People / Faculty

Lecturers

Keiko Yamanaka

Continuing Lecturer

Asian American and Asian Diaspora Studies

Gender & generation, transnational migration in Asia

Keiko_yamanaka_gsp393

Office:

524 Barrows

Contact:

Bio & Research Interests

I grew up in Japan, worked in Tokyo and came to the U. S. as a graduate student. I received my Ph.D. from Cornell University in social demography in 1987. In my dissertation, I pursued labor force participation of Asian American women using the 1980 US Census Data.

I started teaching in UC Berkeley as a lecturer in 1996 in the Asian American Studies of the Ethnic Studies Department. Since then, I have taught courses on Asian American family, gender and generation. In my AAS150, “Gender and Generation in Asian American Family,” students learn how Asian American families evolved throughout history in the face of many forms of exclusion and discrimination against them. Formation of families, the growth of the new generations and the development of sustainable communities are thus a testimony to the firm solidarity and strong wills of Asian immigrants who wish to take deep roots in the U. S.

To understand how the history of Asian American immigration continues today in their personal and family lives, the students in this course conduct research on their family histories based on interviews and literature surveys. Their final papers submitted in the end of the semester are diverse and fascinating accounts of the “extraordinary” life histories of “ordinary” women and men immigrated from various Asian countries. Many of these papers are compiled into a volume titled, Biographies of Asian Immigrant Women and Men in America. By Fall 2019, I have accumulated sixteen volumes of the Biographies—a major trophy of my devotion to the course. They are catalogued and made available for your view in the Ethnic Studies Library (see below photos of the recent two volumes).

In research, I study international migration in Asia, mostly among sub-regions of East, Southeast and South Asia. Due to uneven economic development among them, more developed but labor-short countries, such as Japan, South Korea, Malaysia, Singapore and Taiwan, “import” labor from the less developed and labor-redundant countries, such as China, Indonesia, Philippines and many other neighbors. Over many years of research in Japan, South Korea, Nepal and the Philippines, I have studied immigration policies and employment conditions for migrants in the Asia’s labor-receiving countries. At the same time, I also documented the slow but steady development of immigrant families and communities in these countries. In my view, the context and process in which such development occurs in Asia are very similar to those that had happened to many groups of Asian immigrants in the U. S.

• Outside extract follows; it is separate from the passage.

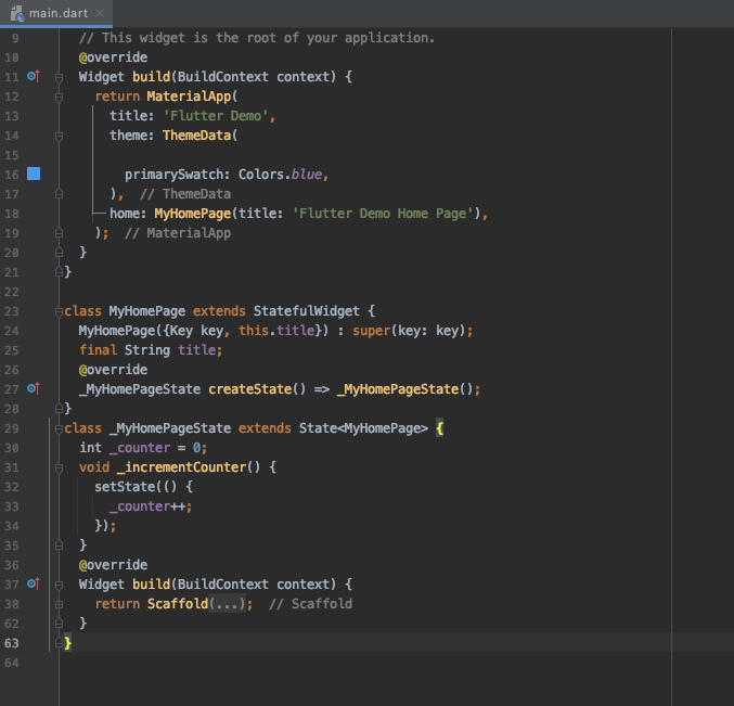 이 return Scaffold 를 가지고 있는 클래스의 이름은 MyHomePage 가 아니라 _MyHomePageState 라는 놈인것이죠.

Therefore, based on my research since 2006 I have developed and taught courses on citizenship, immigration and multiculturalism in Asia in the Asian Studies of the International and Area Studies, now integrated into the Department of Global Studies. In my recent course, GS150Q “Immigration and Multiculturalism in Asia,” students learn how Asia is interconnected through an exchange of labor across different sub-regions and how such seemingly economic interactions among them lead to social and political transformations in both labor-sending and labor-receiving countries. It is a dynamic, historic process unfolding right now in the rapidly developing Asia (see below the photo cover of Window Over the Water: Migration in an East Asian Context, 2015, Berghahn Books, edited by David W. Haines, Keiko Yamanaka, and Shinji Yamashita).